Looking at the $W_{\textrm{by G}}$, we can see that we can alternatively define it as
$$
W_{\textrm{by G}} = -(U_f-U_i)\,,
$$
where we define $U = mgy$ to be the potential energy when the object is at height $i$. Then, $U_f-U_i = mgy_f - mgy_i$ is just the change in potential energy as the object is lifted from height $y_i$ to height $y_f$. We could write this as $mgy_f - mgy_i = mgh$, where $h$ is the change in height, but this isn't a great way to do things, because $h$ could be negative (if the block moves downward), and it's easy to confuse a position with a change in position is if it's not notated correctly. I would write this as $mgy_f - mgy_i = mg\Delta y$.
To tie this in with the OP's specific questions, then, note that while the block is sitting on the ground, the potential energy is constant because its position doesn't change. The value of the potential energy itself is a meaningless quantity; it's only changes in potential energy that matter, via $W = -\Delta U$. We derive $U= mgy$ by considering the work done during a process in which the position of the object changes.
Last important note: the third bullet point requires a change in perspective, and without this change in perspective, things can go wrong (mixed up understandings and incorrect calculations). In our analysis above, we chose the system to be the ball, and we computed the change in kinetic energy of the ball by computing the works done by all forces acting on the ball. If these works cancel, then the net change in kinetic energy is zero.

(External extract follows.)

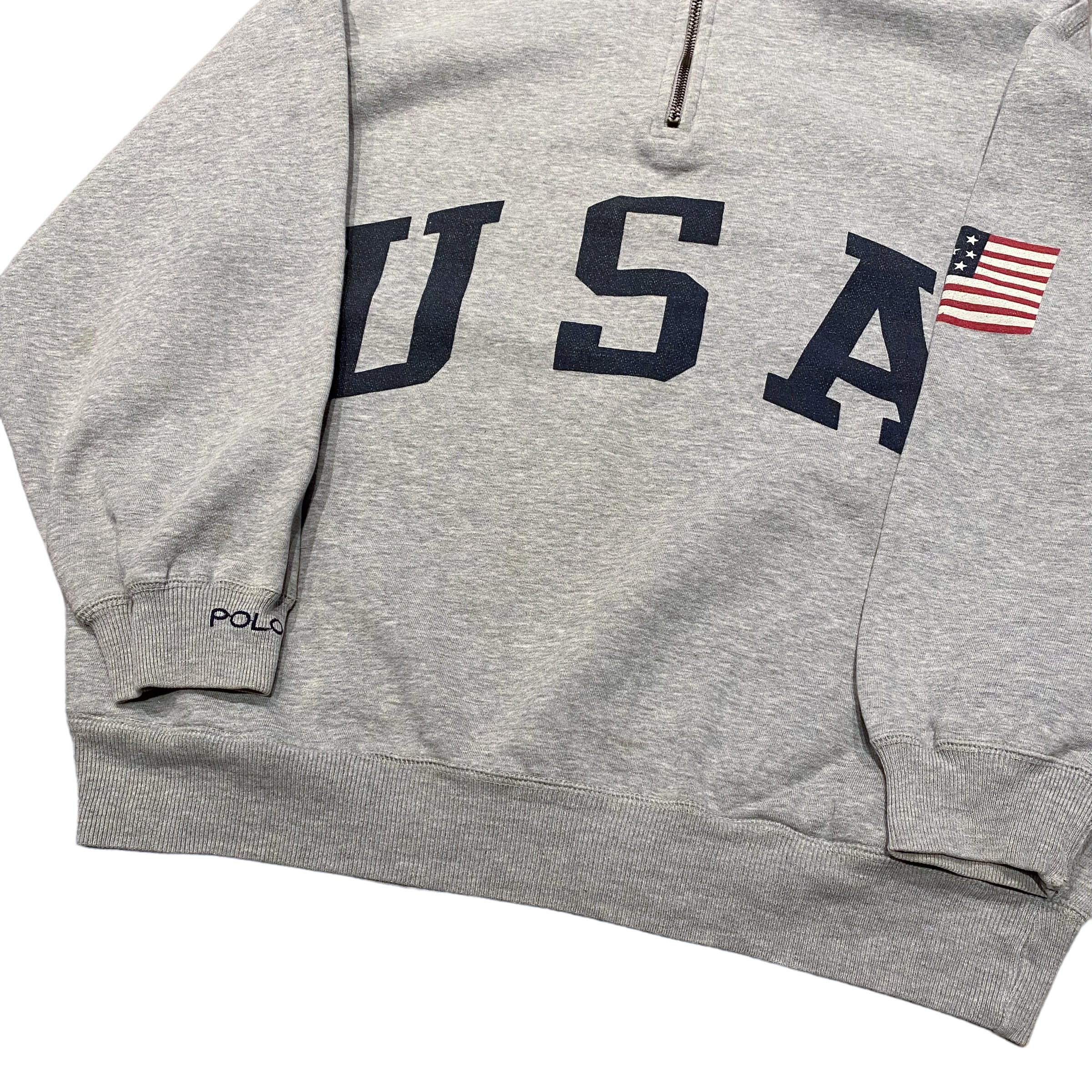 90's Polo Ralph Lauren "USA" Half Zip Sweat S / ポロ ラルフローレン ハーフジップ スウェット トレーナー 古着 ヴィンテージ

If instead we move to a potential energy language, we have to reconsider what we call our system. Instead of thinking about the work done by the Earth via gravity on the ball, we consider a new system composed of both the Earth and the ball. In that case, we replace the work done by the Earth on the ball by the change in potential energy of the Earth-ball system, i.e.,
\begin{align}
\Delta KE_{\textrm{ball}} &= W_{\textrm{N}}+W_{\textrm{G}} =
\Delta KE_{\textrm{ball}} = W_{\textrm{N}}-\Delta PE_{\textrm{G}}
\Longrightarrow
\\
W_{\textrm{N}} &= \Delta KE_{\textrm{ball}} + \Delta PE_{\textrm{G}}
\end{align}
Since the kinetic energy of the Earth doesn't change,
$$
\Delta KE_{\textrm{system}} = \Delta KE_{\textrm{ball}} + \Delta KE_{\textrm{Earth}} = \Delta KE_{\textrm{ball}}\,,
$$
and so we can write
$$
W_{\textrm{ext}} = \Delta KE_{\textrm{system}} + \Delta PE_{\textrm{system}}\,,
$$
where $W_{\textrm{ext}}$ is the work done by objects outside the system on objects inside the system, or work done by external forces. In this case, that is the work done by the person in lifting the ball.